Notice that, if $I(n)=(p+2)/p$, then $$\frac{n}{D(n)}=\frac{p}{p-2}.$$

Since $p$ is an odd prime, then $\gcd(p,p-2)=1$. Thus, $D(n) \nmid n$, unless $p=3$.

This implies that if $I(n)=(p+2)/p=5/3$ (when $p=3$), then $n$ is deficient-perfect.

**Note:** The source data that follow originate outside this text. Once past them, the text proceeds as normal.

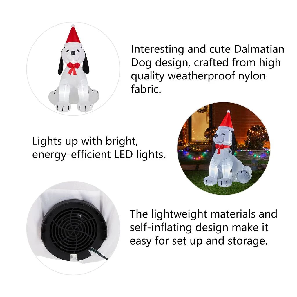 Deck the yard with an Inflatable Puppy Dog! Dressed for the season, this classic Puppy Dog inflatable makes a delightful addition to your outdoor Christmas decorations. Setup is super simple. Just plug it in, stake it down and watch the magic unfold. Display this charming holiday decoration as a standalone or combine it with other Inflatables to create a custom scene. Includes everything needed for easy outdoor setup.
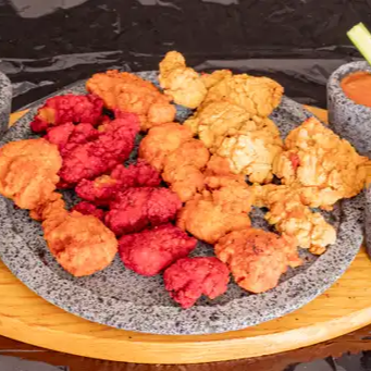 16 piezas de Boneless del empanizado de su eleccion, acompañados con 2 aderezos de su eleccion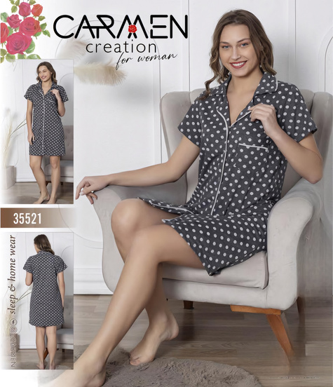 Damska koszula nocna w białe groszki na szarym tle. Praktyczna koszula rozpinana z kieszonką na lewej piersi. Długość przed kolano, krótki rękawek, kołnierzyk przy dekolcie.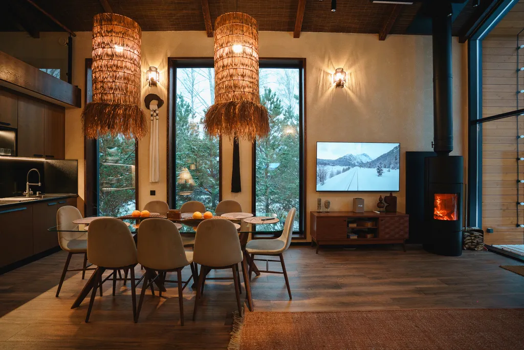 Предлагаем отдохнуть в видовых домах в стиле A-frame и barnhouse и попариться в русской бане в «kрона кэмп». Эргономичное пространство barnhouse 120 м2 – идеально вписывается в окружающий ландшафт под кронами берез. В доме на первом этаже ты найдешь: Две спальни с кроватями king-size и потрясающим видом на лес. Просторную кухню-гостиную с большим столом и двумя удобными диванами. Настоящий дровяной камин Astov. Телевизор. Wi-Fi. Алиса. Огромное панорамное окно высотой в 2 этажа и функциональную ванную комнату с душевой со всеми необходимыми принадлежностями для комфортного проживания. Просторную террасу, которая оснащена большим столом со стульями, зонтом от солнца и дождя, лежаками и горячей купелью (диаметр 220 см) с массажем и подсветкой для живописного вечера на природе или для утренней медитации. На втором этаже располагается спальня с кроватью king-size и односпальной кроватью с видом на лес. У каждого дома собственная уличная зона отдыха с костровищем, удобными стульями и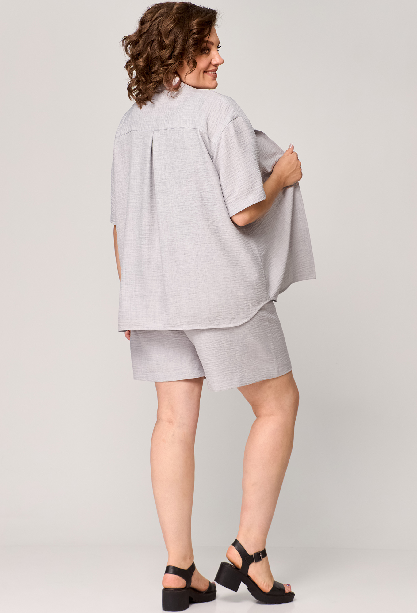 Костюм состоящий из рубашки и шорт, выполнен из однотонной ткани.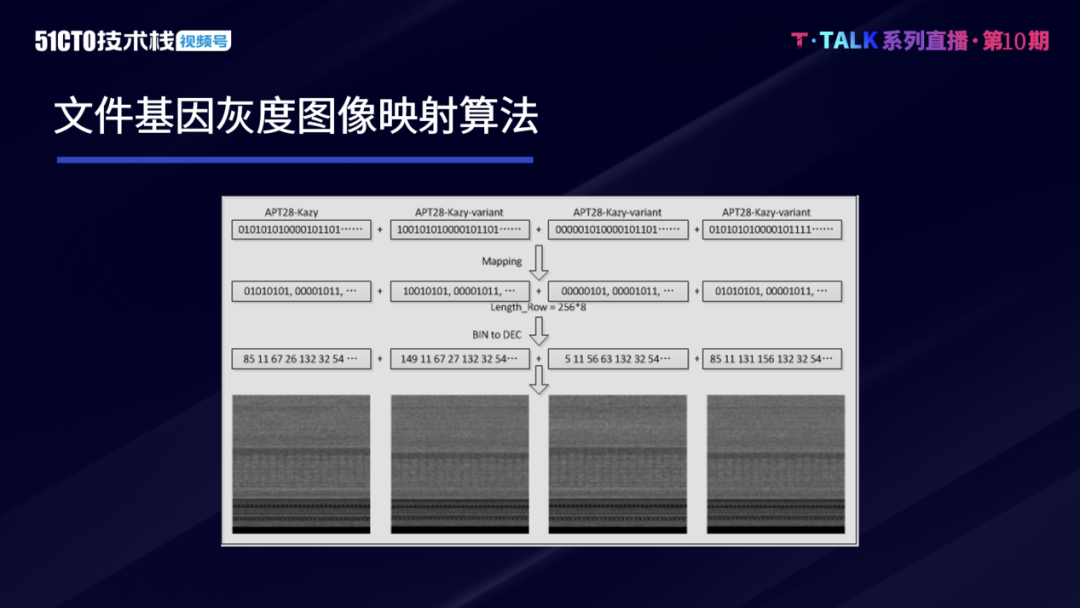第二类问题,高级威胁其中一种是恶意文件的变种,其变化速度很快。传统的特征码很难跟得上样本新变种的产生速度。对此,可以将文件转化成图像,并通过卷积神经网络对图像的识别能力来对文件本身进行间接识别。相比于传统的特征检测算法,使用卷积神经网络对图像识别,它的计算复杂性并没有那么高。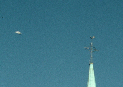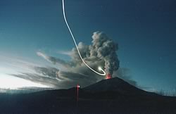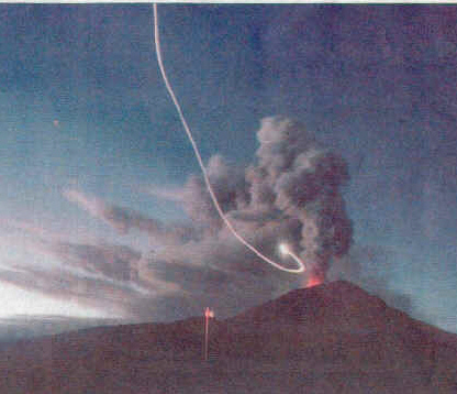 Incognito Light. This photograph, which shows a strange descending light that seems to turn quickly when approaching the crater of the Popocatépetl, was taken Tuesday, December 19, 2000, at 6:10 hours, with a prolonged exposure of 20 seconds, an apature of 4.0, and a lens size of 24 millimeters. Photo: Alfonso Reyes / Notimex. Hunter (Overlord@alienbabyhead.com> writes: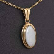 14kt gouden gourmet schakelcollier waaraan 14kt gouden hanger gezet met ovaal cabochongeslepen opaal, jaren '60, brutogewicht 4,8 gram, lengte circa 40 cm, hanger 2,5 cm -collier met knoopjes-
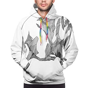 Men’s Hoodies Sweatshirts,Sketch Style Bird Monochrome Peafowl Feathers Tattoo Design Animal Head Portrait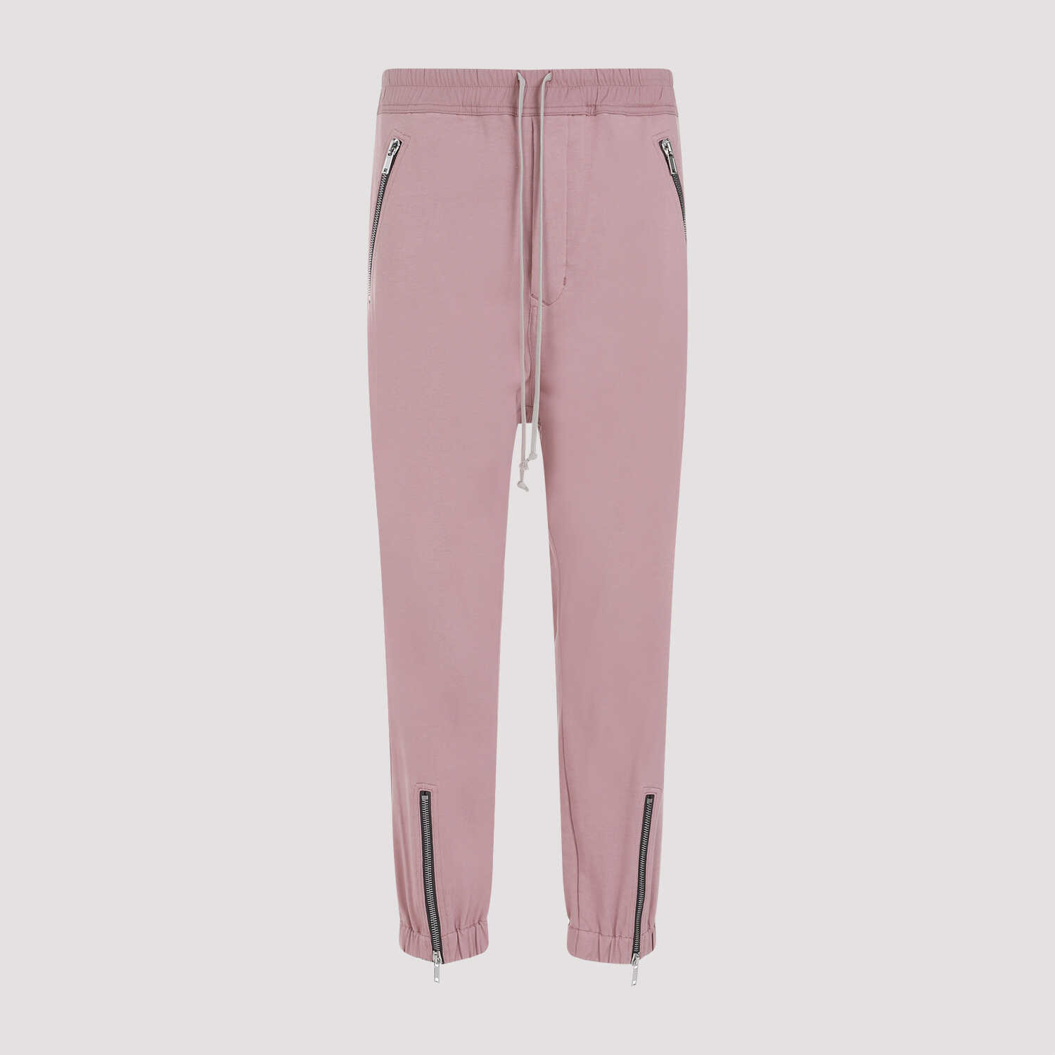 Rick Owens Tectuatl Track Dusty Pink Cotton Pants. Crafted from dusty pink cotton jersey, elastic waistband with tonal drawstring, dropped crotch, diagonal zipper pockets on the sides, buttoned welt pockets on the back, elasticated edges with front zippered slit.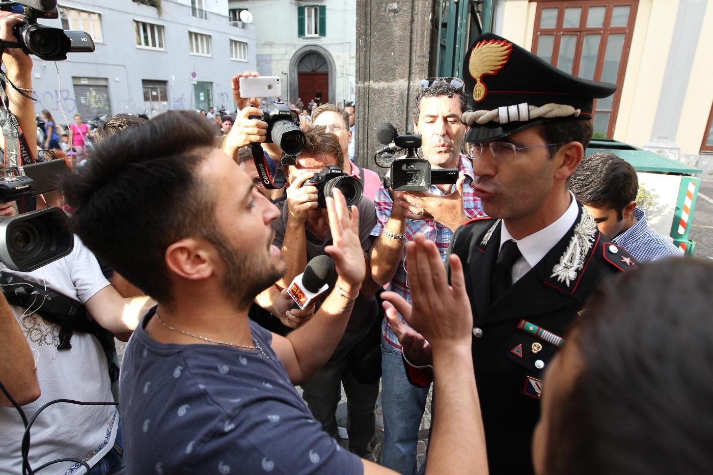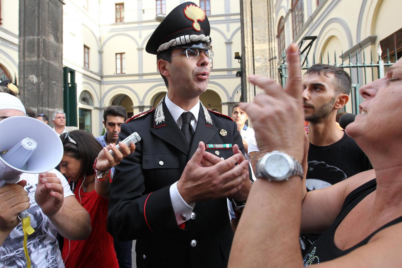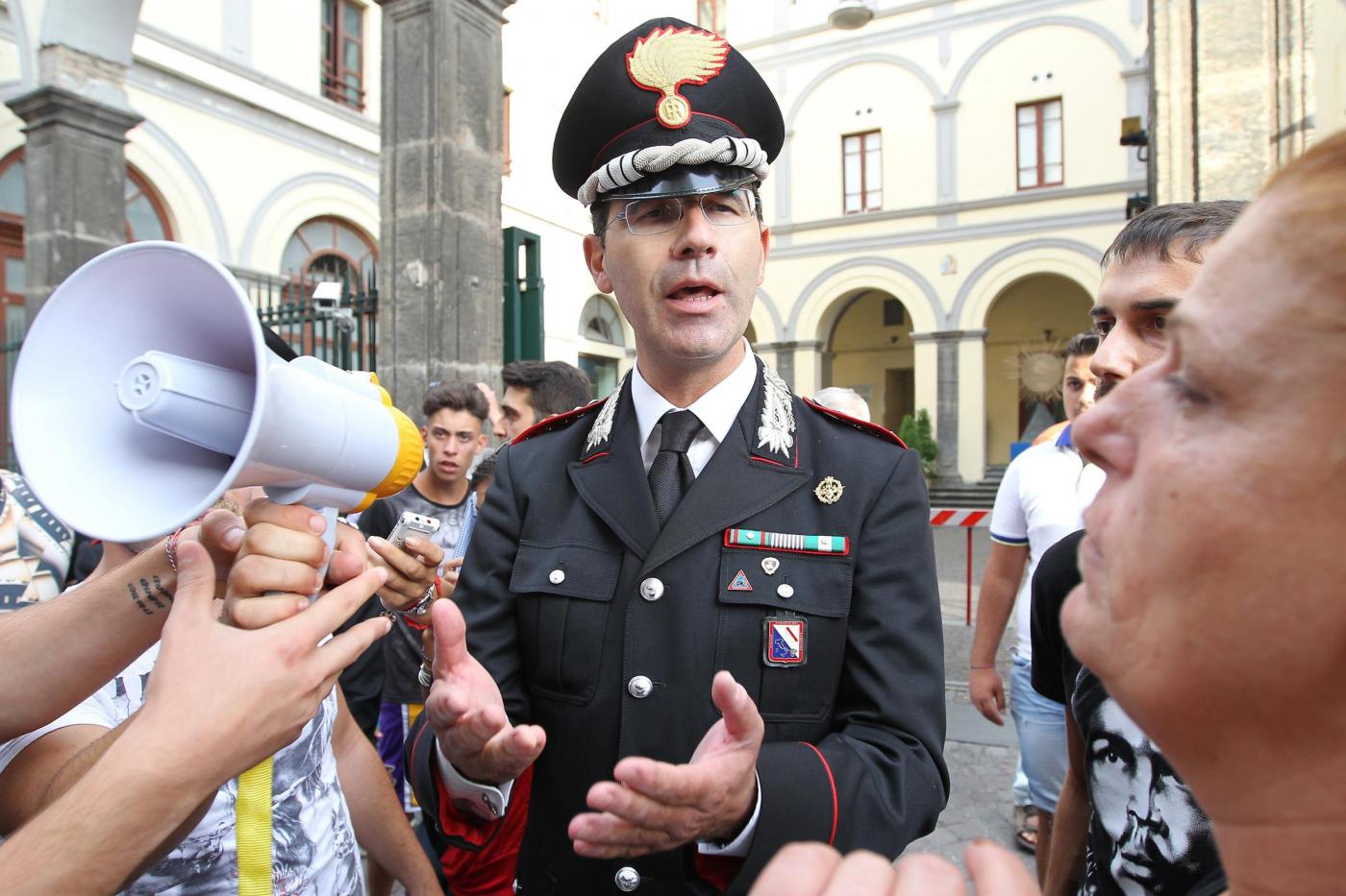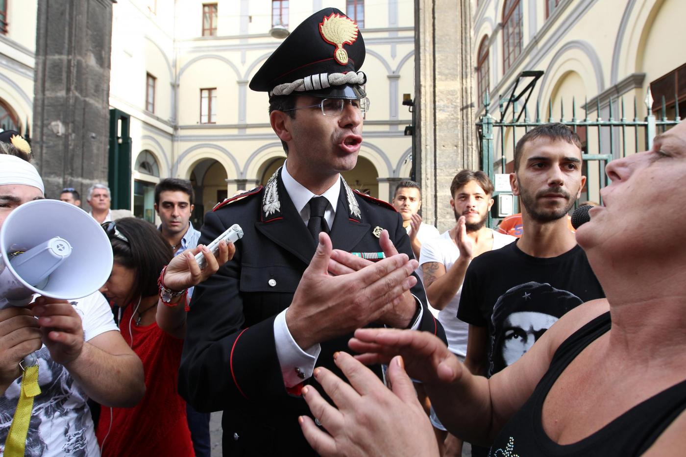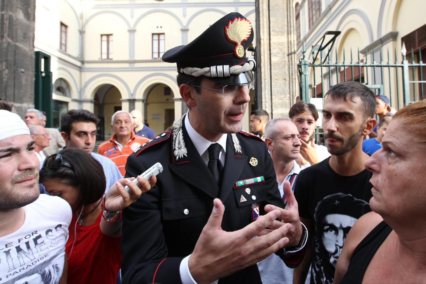 NAPOLI – Un dialogo di qualche minuto tra alcuni manifestanti e il comandante provinciale dei carabinieri, Marco Minicucci, che poi si toglie per qualche secondo il cappello rispettando così il minuto di silenzio. E’ quanto accade al passaggio del corteo per Davide Bifolco, il ragazzo di 17 anni ucciso dal colpo sparato da un carabiniere la notte di venerdì 5 settembre, davanti alla caserma ‘Pastrengo’ dei carabinieri a Napoli. “Non è uno scontro tra noi e voi – dice Minicucci rispondendo alla richiesta di giustizia del cugino di Davide, Gianni – ma una lotta comune per la legalità. La magistratura accerterà la verita’”.

Otherwise, if $p>3$, then since $p$ is an odd prime, $p \geq 5$, so that $$\frac{n}{D(n)}=\frac{p}{p-2}=\frac{1}{1-\frac{2}{p}} \leq \frac{1}{1-\frac{2}{5}}=\frac{1}{\frac{3}{5}}=\frac{5}{3}$$ and $$\frac{n}{D(n)}=\frac{(p-2)+2}{p-2}=1+\frac{2}{p-2}>1,$$ from which we obtain $$1 < \frac{n}{D(n)} \leq \frac{5}{3},$$ which implies that $D(n) \nmid n$ for $p>3$.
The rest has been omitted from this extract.